To obtain an exact numeric evaluation of an expression use expr.evaluate(). To obtain a numeric approximation use expr.N().

Exact Evaluation

An evaluation with expr.evaluate() preserves exact values.

Exact values are:

TypeExamples
Integers42, -1234
Rationals\nicefrac{3}{4}, -\nicefrac{11}{7}
Square Roots of Integers\sqrt{2}, -3\sqrt{5}
Constantse (ExponentialE), \pi (Pi)
console.log(ce.parse('1/3 + 1/4').evaluate()); console.log(ce.parse('\\sqrt{2} + \\sqrt{3} + \\sqrt{75}').evaluate());

Numeric Approximation

To force the evaluation of an expression to be a numeric approximation, use expr.N().

console.log(ce.parse('1/3 + 1/4').N()); console.log(ce.parse('\\sqrt{2} + \\sqrt{3} + \\sqrt{75}').N());

When using expr.evaluate(), if one of the arguments is not an exact value the expression is automatically evaluated as a numeric approximation.

console.log(ce.parse('1/3 + 1/4 + 1.24').evaluate());

JavaScript Interoperability

The result of expr.evaluate() and expr.N() is a boxed expression.

The numericValue property of this expression is either a machine number (a JavaScript number), a NumericValue object or null if the expression is not a number.

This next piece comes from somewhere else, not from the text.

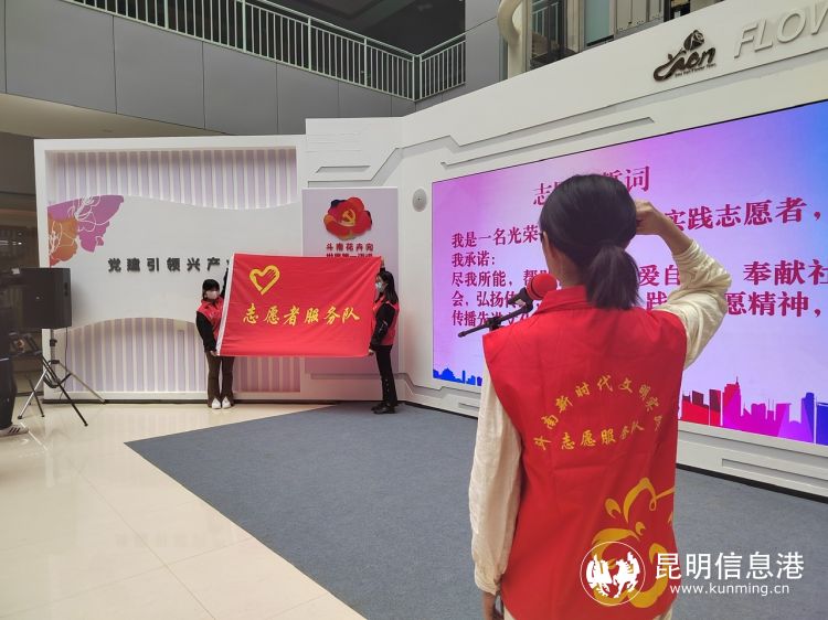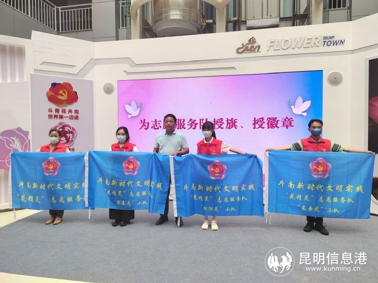 启动仪式现场,与会领导为斗南“花精灵”志愿服务队和“七色堇”志愿服务队授予了队旗。全体志愿者进行了庄严的志愿服务宣誓承诺。现场公布了《斗南新时代文明实践志愿服务积分积分兑换和管理办法(试行)》,明确了斗南新时代文明实践志愿服务各积分超市的具体兑换方法。
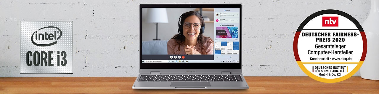 Beim Frühstück schaust Du die aktuellsten Nachrichten, im Bus surfst Du wie auf einem Tablet durch das Internet, im Café schreibst Du bequem E-Mails – und das alles mit einem Gerät. Das MEDION S14405 macht Dich einfach flexibler und ist dabei mit seinem hochwertigen Aluminium-Gehäuse so elegant wie vielseitig. Durch ein einfaches Umklappen verwandelst Du das MEDION S14405 vom vollwertigen Notebook in ein flaches Tablet – oder Du stellst es im Zelt-Modus stabil und sicher auf. Zudem unterstützt das moderne Display sowohl Touch- als auch Stift-Steuerung. Für starke Leistung sorgt ein Intel® Core™ Prozessor der zehnten Generation sowie ausgiebiger DDR4 Arbeitsspeicher. Das brillante Display garantiert Dir eine herausragende Darstellungsqualität und packende Unterhaltung. Schreiben, zeichnen, Medien bearbeiten oder Multimedia-Unterhaltung genießen? Das MEDION S14405 setzt Deiner Kreativität keine Grenzen.

While a NumericValue object can represent arbitrary precision numbers, for use with JavaScript, a reduced precision approximation can be accessed using the re (for the real part of the number) and im (for the imaginary part) properties.

const expr = ce.parse('1/3 + 1/4');
console.log(expr.N().re);
// ➔ 0.5833333333333334

Another way to obtain a JavaScript compatible representation of an expression is to use the value property of the boxed expression.

const expr = ce.parse('1/3 + 1/4');
console.log(expr.N().value);
// ➔ 0.5833333333333334

Unlike the .re property, the .value property can also return a boolean, a string, depending on the value of the expression.

The value property of a boxed expression can be used in JavaScript expressions.

const expr = ce.parse('1/3 + 1/4'); console.log(expr.N().value + 1);

To get a boxed number from a JavaScript number, use ce.box() or ce.number().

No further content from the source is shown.